*RECORDED DATA*:
* * * *

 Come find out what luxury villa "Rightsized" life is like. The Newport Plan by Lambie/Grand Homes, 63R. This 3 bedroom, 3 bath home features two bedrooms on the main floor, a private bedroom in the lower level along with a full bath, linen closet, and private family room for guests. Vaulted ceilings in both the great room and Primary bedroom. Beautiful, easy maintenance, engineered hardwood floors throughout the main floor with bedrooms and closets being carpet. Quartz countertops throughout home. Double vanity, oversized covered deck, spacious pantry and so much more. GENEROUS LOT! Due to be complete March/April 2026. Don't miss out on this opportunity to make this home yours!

* * * *

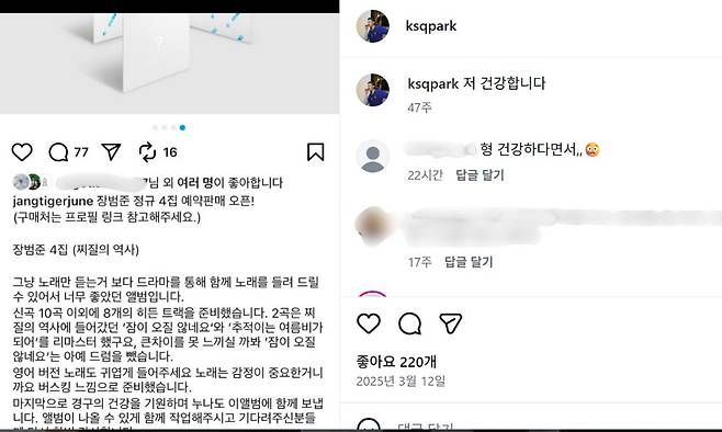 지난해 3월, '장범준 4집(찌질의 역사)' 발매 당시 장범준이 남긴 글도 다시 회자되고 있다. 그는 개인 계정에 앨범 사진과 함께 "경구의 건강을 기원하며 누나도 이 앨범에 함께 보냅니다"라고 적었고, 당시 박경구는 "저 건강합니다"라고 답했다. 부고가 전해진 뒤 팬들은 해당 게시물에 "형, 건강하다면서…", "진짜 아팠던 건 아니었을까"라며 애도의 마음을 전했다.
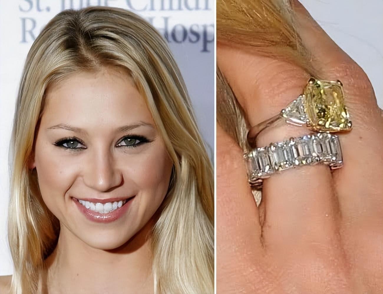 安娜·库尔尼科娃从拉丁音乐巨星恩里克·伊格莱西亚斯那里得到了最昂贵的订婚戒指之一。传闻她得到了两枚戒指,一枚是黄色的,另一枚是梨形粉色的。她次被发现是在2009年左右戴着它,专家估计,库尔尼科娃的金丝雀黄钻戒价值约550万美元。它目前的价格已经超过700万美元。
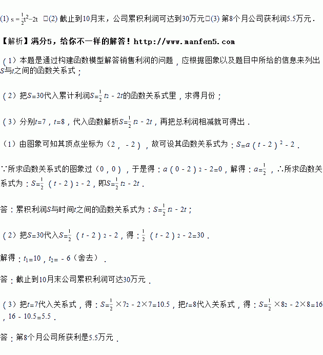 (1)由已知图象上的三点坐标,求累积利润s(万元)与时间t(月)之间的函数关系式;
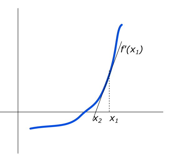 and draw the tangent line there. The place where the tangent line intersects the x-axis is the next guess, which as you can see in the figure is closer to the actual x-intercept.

* * * *

*ASSIGNED TASK*: Quote the data above exactly from the line with "(1)由已知图象上的三点坐标" to the line with "and draw the", both ends counted, and nothing else. Pictures don't go in.

*FINISHED TASK*:
 (1)由已知图象上的三点坐标,求累积利润s(万元)与时间t(月)之间的函数关系式;
 and draw the tangent line there. The place where the tangent line intersects the x-axis is the next guess, which as you can see in the figure is closer to the actual x-intercept.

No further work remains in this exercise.